CVPR 2021: "Generating Diverse Structure for Image Inpainting With Hierarchical VQ-VAE"

Last update: Nov 04, 2022

Overview

Diverse Structure Inpainting

ArXiv | Papar | Supplementary Material | BibTex

This repository is for the CVPR 2021 paper, "Generating Diverse Structure for Image Inpainting With Hierarchical VQ-VAE".

If our method is useful for your research, please consider citing.

Introduction

(Top) Input incomplete image, where the missing region is depicted in gray. (Middle) Visualization of the generated diverse structures. (Bottom) Output images of our method.

Places2 Results

Results on the Places2 validation set using the center-mask Places2 model.

CelebA-HQ Results

Results on one CelebA-HQ test image with different holes using the random-mask CelebA-HQ model.

Installation

This code was tested with TensorFlow 1.12.0 (later versions may work, excluding 2.x), CUDA 9.0, Python 3.6 and Ubuntu 16.04

Clone this repository：

git clone https://github.com/USTC-JialunPeng/Diverse-Structure-Inpainting.git

Datasets

CelebA-HQ: the high-resolution face images from Growing GANs. 24183 images for training, 2993 images for validation and 2824 images for testing.
Places2: the challenge data from 365 scene categories. 8 Million images for training, 36K images for validation and 328K images for testing.
ImageNet: the data from 1000 natural categories. 1 Million images for training and 50K images for validation.

Training

Collect the dataset. For CelebA-HQ, we collect the 1024x1024 version. For Places2 and ImageNet, we collect the original version.
Prepare the file list. Collect the path of each image and make a file, where each line is a path (end with a carriage return except the last line).
Modify checkpoints_dir, dataset, train_flist and valid_flist arguments in train_vqvae.py, train_structure_generator.py and train_texture_generator.py.
Modify data/data_loader.py according to the dataset. For CelebA-HQ, we resize each image to 266x266 and randomly crop a 256x256. For Places2 and ImageNet, we randomly crop a 256x256
Run python train_vqvae.py to train VQ-VAE.
Modify vqvae_network_dir argument in train_structure_generator.py and train_texture_generator.py based on the path of pre-trained VQ-VAE.
Modify the mask setting arguments in train_structure_generator.py and train_texture_generator.py to choose center mask or random mask.
Run python train_structure_generator.py to train the structure generator.
Run python train_texture_generator.py to train the texture generator.
Modify structure_generator_dir and texture_generator_dir arguments in save_full_model.py based on the paths of pre-trained structure generator and texture generator.
Run python save_full_model.py to save the whole model.

Testing

Collect the testing set. For CelebA-HQ, we resize each image to 256x256. For Places2 and ImageNet, we crop a center 256x256.
Collect the corresponding mask set (2D grayscale, 0 indicates the known region, 255 indicates the missing region).
Prepare the img file list and the mask file list as training.
Modify checkpoints_dir, dataset, img_flist and mask_flist arguments in test.py.
Download the pre-trained model and put model.ckpt.meta, model.ckpt.index, model.ckpt.data-00000-of-00001 and checkpoint under model_logs/ directory.
Run python test.py

Pre-trained Models

Download the pre-trained models using the following links and put them under model_logs/ directory.
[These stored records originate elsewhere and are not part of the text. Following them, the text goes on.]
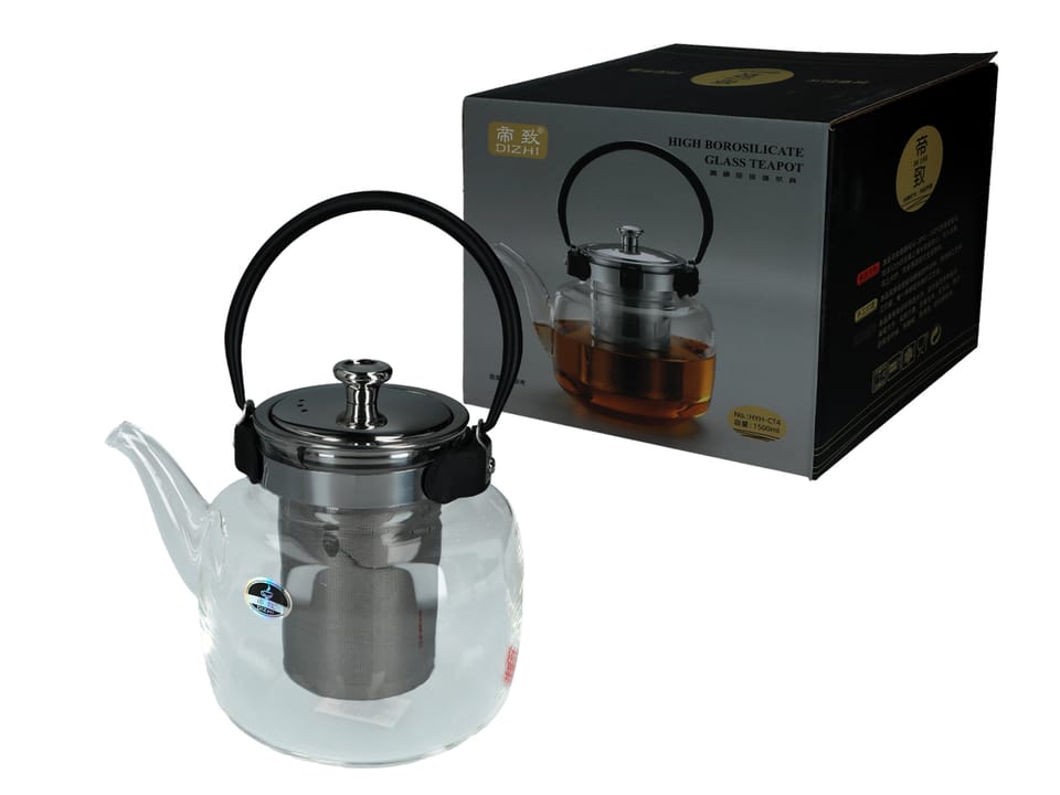Szklany czajnik z zaparzaczem. Świetny do codziennego użytku, ale również dobrze się prezentuje podając go gościom na stół.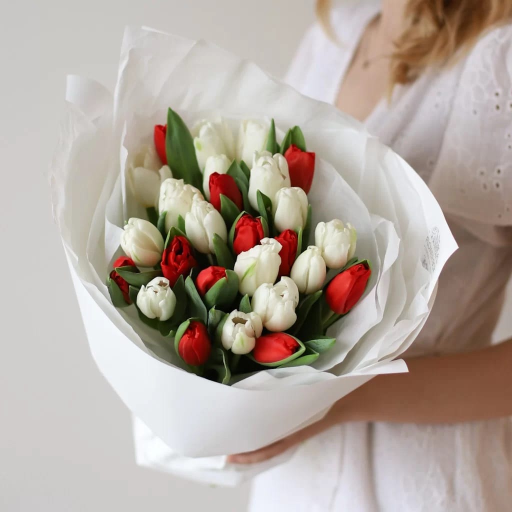 Белые и красные тюльпаны в оформлении «Factura .two»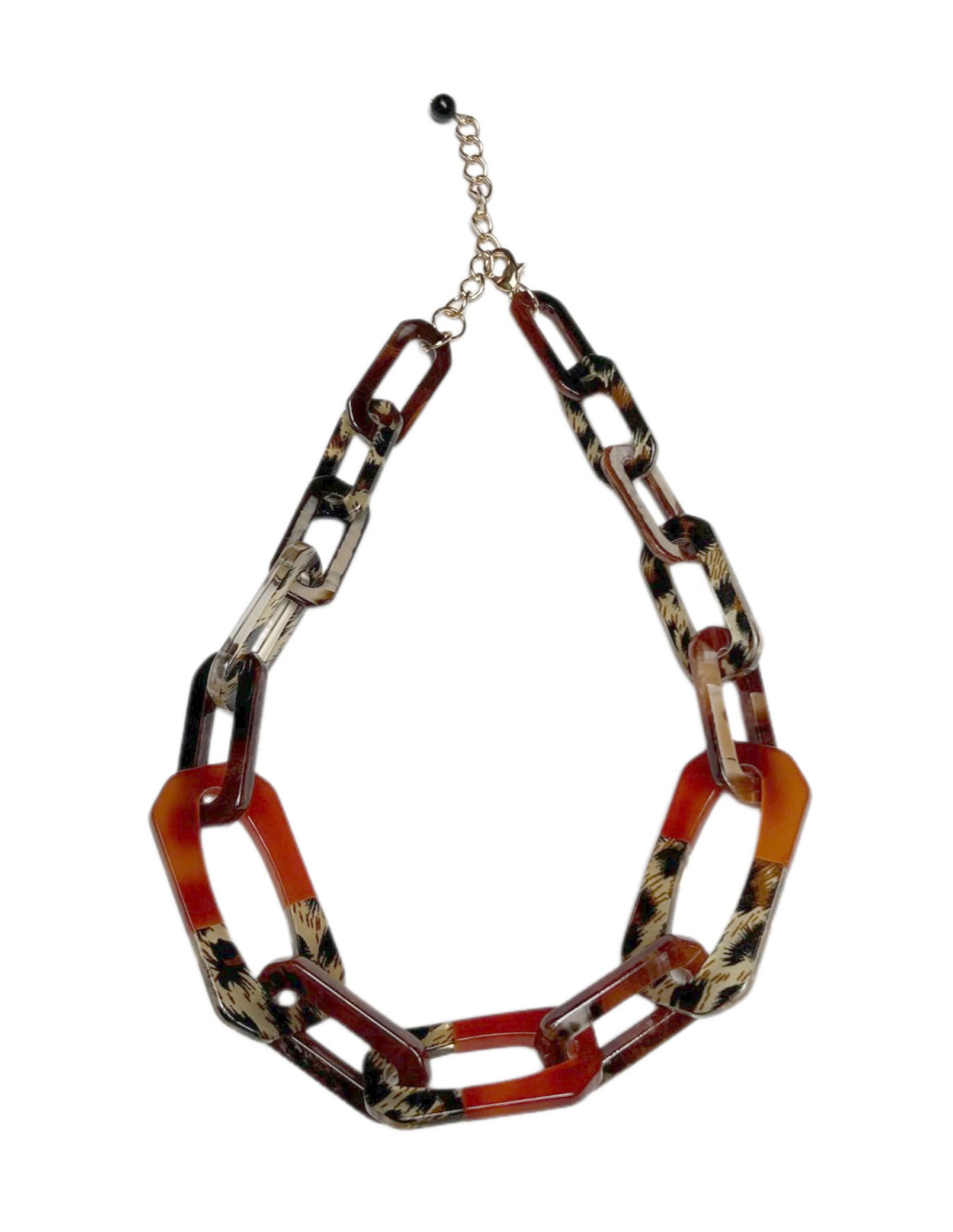 Lehký náhrdelník z podlouhlých ok v oranžové a béžové barvě se zvířecím motivem.

center_mask model: CelebA-HQ_center | Places2_center | ImageNet_center
random_mask model: CelebA-HQ_random | Places2_random | ImageNet_random

The center_mask models are trained with images of 256x256 resolution with center 128x128 holes. The random_mask models are trained with random regular and irregular holes.

Inference Time

One advantage of GAN-based and VAE-based methods is their fast inference speed. We measure that Mutual Encoder-Decoder with Feature Equalizations runs at 0.2 second per image on a single NVIDIA 1080 Ti GPU for images of resolution 256×256. In contrast, our model runs at 45 seconds per image. Naively sampling our autoregressive network is the major source of computational time. Fortunately, this time can be reduced by an order of magnitude using an incremental sampling technique which caches and reuses intermediate states of the network. Consider using this technique for faster inference.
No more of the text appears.